Lancé par le gouvernement français au nom la défense du pouvoir d’achat, le projet de prime obligatoire pour les salariés des entreprises qui augmentent leur dividende arrive mardi devant les députés, sans avoir vaincu l’opposition des organisations patronales et le scepticisme des syndicats.

Il y a deux mois, le ministre du Budget, François Baroin, avait laissé entrevoir la possibilité d’une prime 1.000 euros et ses services avaient évoqué le chiffre de huit millions de salariés potentiellement concernés.
Le président Nicolas Sarkozy a néanmoins défendu le projet au nom de la justice sociale.
« Quand la reprise arrive, ceux à qui on a demandé des efforts doivent être les premiers bénéficiaires de cette reprise », avait-il dit le mois dernier lors d’un déplacement en région.

Inclus dans le projet de loi de financement rectificative de la Sécurité sociale, dont l’Assemblée nationale entame l’examen mardi soir, le texte prévoit le versement d’une prime à tous les salariés des entreprises de plus de 50 salariés dont le dividende par action augmente par rapport à la moyenne des deux exercices précédents.
Cette prime, exonérée de toute contribution ou cotisation sociale autre que la CSG et la CRDS dans une limite de 1.200 euros par salarié, restera « facultative » pour les entreprises de moins de 50 salariés et le texte ne fixe pas son montant, laissant ce soin à la négociation entre les partenaires sociaux.
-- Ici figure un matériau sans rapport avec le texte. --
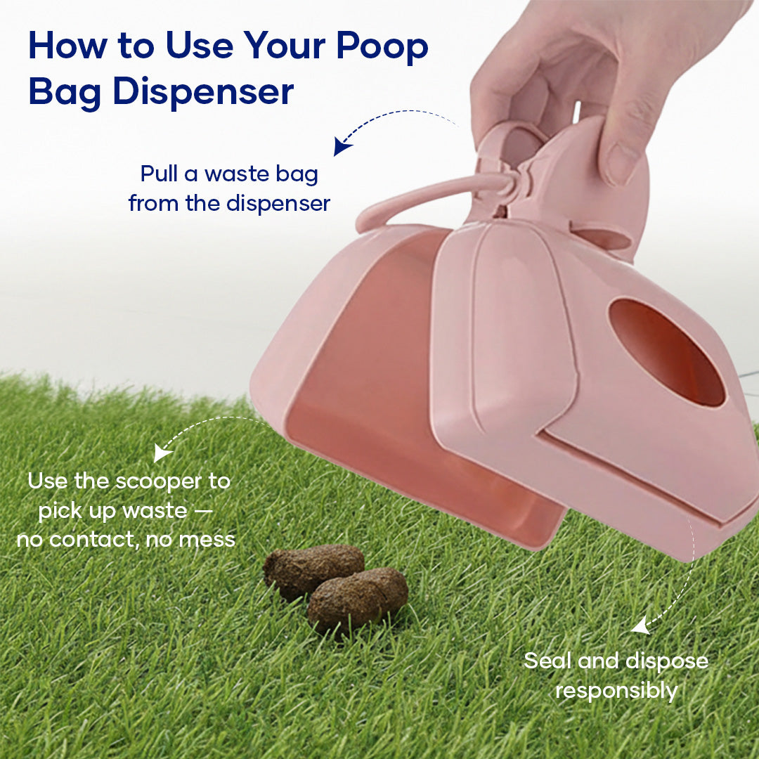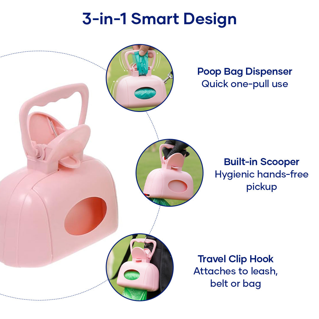• 3-in-1 Design – Poop bag dispenser, built-in scooper, and waste bag holder all in one

« Ce projet méconnaît la réalité économique des entreprises et l’apport du dialogue social », ont regretté lundi dans un communiqué commun le Medef, la CGPME et l’UPA, les trois principales organisations patronales françaises.
Le projet de loi retient un ordre de grandeur de six millions de salariés pour les entreprises qui versent des dividendes en incluant celles employant moins de 50 personnes, et de 4,3 millions pour les sociétés dont les effectifs dépassent ce seuil. Il table en outre sur un montant moyen des primes de 700 euros par salariés.
Sur la base de ces hypothèses, le projet pourrait conduire les employeurs à distribuer un montant global de 2,8 milliards d’euros, soit un peu moins d’une journée de dépenses de consommation des ménages selon les statistiques de l’Insee.
Le dispositif aurait en revanche un coût très limité, de l’ordre de 20 millions d’euros, pour les finances publiques.